Кроме того, я давал это обещание, когда был под кайфом. Все обещания, данные под действием наркотиков, должны быть признаны недействительными.
– Слушай, я обещал заботиться о тебе, верно? И я это делаю. Когда ты голодна, я приношу тебе еду. Когда ты пьяна, я помогаю тебе протрезветь. Но давай кое-что проясним: я не в твоей власти, Моника. Я буду делать то, что захочу, с кем захочу и когда захочу.
Она поджала губы и пробежала по мне глазами.
– Ты действительно собираешься участвовать в этом дурацком пари с Шей Гейбл? Серьезно? Мы же ее ненавидим.
Неправильно. Это я ее ненавижу.
Моника ненавидела Шей только потому, что моя ненависть, по ее мнению, была слишком сильным проявлением внимания к другой девушке.
– То, чем я занимаюсь, – не твое дело.
Она поправила сумочку на плече и закатила глаза.
– Как угодно, Лэндон. В любом случае, она никогда не влюбится в кого-то вроде тебя. Такой человек, как она, никогда не попадется на твою удочку.
Вот и оскорбления. Как вовремя.
Затем она сильно толкнула меня в грудь.
Что за черт?
Она пьяна?
Под кайфом?
Было десять утра. Как она умудрилась напиться в десять утра?
Я вздохнул и отошел от нее подальше. Было слишком рано, чтобы иметь дело с ее выходками.
Я с трудом поборол в себе усталость после очередной бессонной ночи.
– Хорошо, Моника. Думаю, мы закончили.
Я развернулся и пошел, а она закричала мне вслед:
– Да, верно – уходи! Уходи от правды. Надеюсь, ты знаешь, что проиграешь это глупое пари, потому что никто не сможет полюбить кого-то вроде тебя. Ни один человек в мире не полюбит твои шрамы – ты отвратителен.
Ее слова заставили мои руки сжаться – я ненавидел способность Моники мгновенно меня обжечь. Но я ничего ей не ответил. Я не обернулся, но ей не нужно было видеть мои глаза, чтобы понять, как сильно меня обожгли ее слова. Она знала, куда следует бить, чтобы причинить наибольшую боль.

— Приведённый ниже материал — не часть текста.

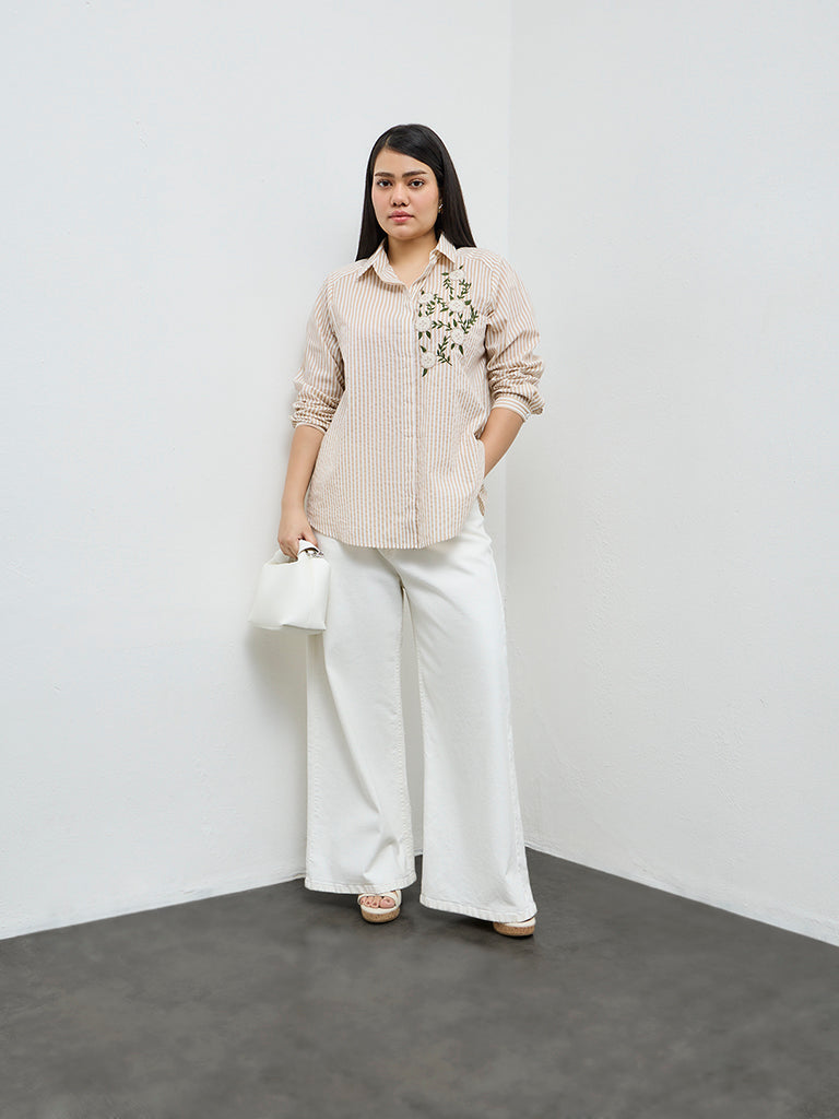 This beige stripe-printed shirt from Gia highlights floral embroidery for added charm. It is milled from cotton-rich fabric, offering a soft feel and a superior comfort. Designed with a notched collar, a button-up front and full sleeves, this relaxed silhouette serves as an effortless pick for your day-to-day rotation.
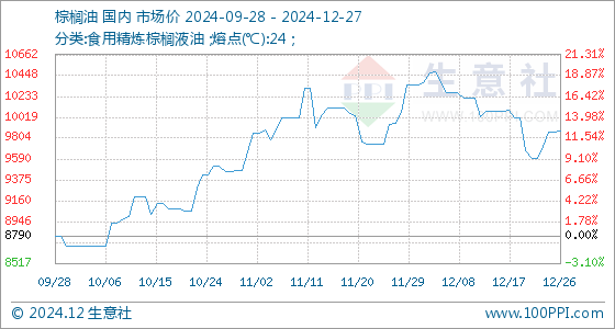 12月27日,生意社棕榈油基准价为9882.00元/吨,与本月初(10350.00元/吨)相比,下降了-4.52%。

Следующий урок я пропустил. Я вышел на футбольное поле, засыпанное снегом, в одной кофте и встал под трибуны, чтобы спрятаться от всего и от всех.
В груди у меня было слишком тесно, и каждый вдох, который я делал, казался таким же ледяным и застывшим, как воздух Иллинойса.
Я знал, что происходит. За последний год у меня было немало приступов паники. Я знал, что от этого никуда не деться. Когда мои тело и разум решали разрушиться, все, что я мог сделать, – позволить им это.
Иногда паника заканчивалась быстро, а иногда мне казалось, что она длится днями. Я закатал рукава и обнажил шрамы моей прошлой печали, отметины моего разума, вышедшего из-под контроля. Когда Моника впервые их увидела, она назвала меня драматичным.
– Ты резал не для того, чтобы покончить с собой. Ты просто сделал это для привлечения внимания, – огрызнулась она.
Но я знал, что она ошибалась. Я не хотел, чтобы люди видели мои шрамы. Мне было стыдно. Вот почему я всегда носил футболки с длинными рукавами. Я не гордился тем, что сделал, и уж точно не искал внимания. Впрочем, я не хотел совершать самоубийство. Это был способ почувствовать что-то, кроме оглушающей пустоты внутри. Я отчаянно искал в себе эмоции, потому что мое сознание было опустошено и измучено.
Какое-то время я себя не резал. Я изо всех сил старался найти другие способы испытывать чувства.
Мои руки дрожали, пока я держался за обледеневшие перила трибун, опустив голову, чтобы меня не вырвало. Холодный металл жег мне руку, но я был благодарен за эту боль. Я был благодарен за возможность что-то ощутить.
Любая боль означала, что я все еще жив.